Thanks for the very informational post! That is great.

We do a lot of those things too - especially taking the time out to enjoy the life we are experiencing. It makes all the difference too.

We are in the keys now. Where you you and your family? Would love to meet up if you are in this neck of the woods. Have 9&12 yo boys.

Brian


----------



## vtsailguy

Really interesting discussion!

So my day job is teaching teachers. There is an important shift right now in schools revolving at exactly what the goals are. Tony Wagner in his book The Global Achievement Gap gives seven "survival" skills that schools need to shift to rather than traditional content coverage
Tony Wagner?s Seven Survival Skills

Critical thinking and problem-solving
Collaboration across networks and leading by influence
Agility and adaptability
Initiative and entrepreneurialism
Effective oral and written communication
Accessing and analyzing information
Curiosity and imagination

Right now one could comfortably argue that schools are not well equipped to address these. Whereas an extended period of time on a boat can make the ideal living classroom to do so.

Think not "home" schooling but "boat" schooling.

I think that a break from regular schools and investing your children in the daily authentic challenges involved in cruising will pay huge dividends for future life AND when they go back to school.

I see the "home schooling" part as minimum skill retention to try and make sure they don't "lose ground."

This is going to be my approach next year when we take a year off with our three kids.


----------



## davidpm

We home schooled both of our children. Daughter is 32, son is 28. Daughter has her US teachers certificate and is teaching in Guatemala City and loves it. She aced college, loved it. She still visits with her favorite professor whenever she gets back to the states.

Son didn't want to go to college and is a sailboat rigger in Annapolis. He has always made more money than our daughter, and has no college debt, so go figure.
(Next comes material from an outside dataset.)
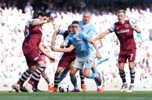 Now two down to Foden’s 27th goal of the campaign, the Hammers had everyone in sky blue encamped in their half as Manuel Akanji and De Bruyne both peppered the overworked, albeit agile, Areola into defiant stops while the curiously subdued Erling Haaland then failed to convert from just a couple of yards when it surely would have been far easier to score.
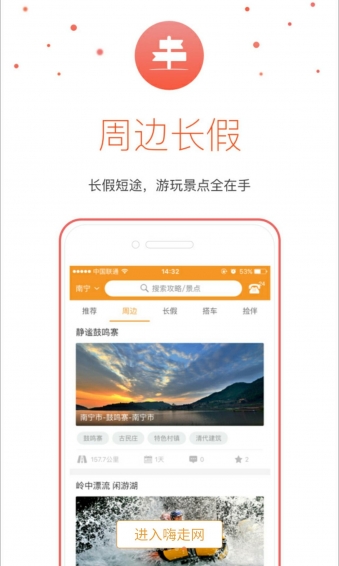 嗨走自駕app是一款為廣大喜歡自駕游的人群設(shè)計(jì)的手機(jī)應(yīng)用軟件。嗨走自駕安卓版不僅可以實(shí)時(shí)導(dǎo)航,還能預(yù)定景區(qū)門票和酒店。嗨走自駕為用戶解決路上的一切問題。

I had a fun answer to the most common question we would get when someone found out we were home schooling.

The question was" "Aren't you worried about socialization"

My answer was: "Yes it is a big problem I worry about it all the time. They spend so much time with other kids and their parents what with their museum trips, trips to go to work with parents, trips to zoo's, aquariums, farms etc. it never ends. Excess socialization is something I'm concerned about." 

I would get a stunned look and a mumble. I wasn't really kidding either. 

We were pretty moderate. My wife tried to cover a regular curriculum. It only really takes a couple hours a day. Most of the day in schools if you remember is wasted. Moving between classrooms, discipline and just plain waiting. If you get mono you can keep up with your class with someone that comes to your house for an hour or so a day.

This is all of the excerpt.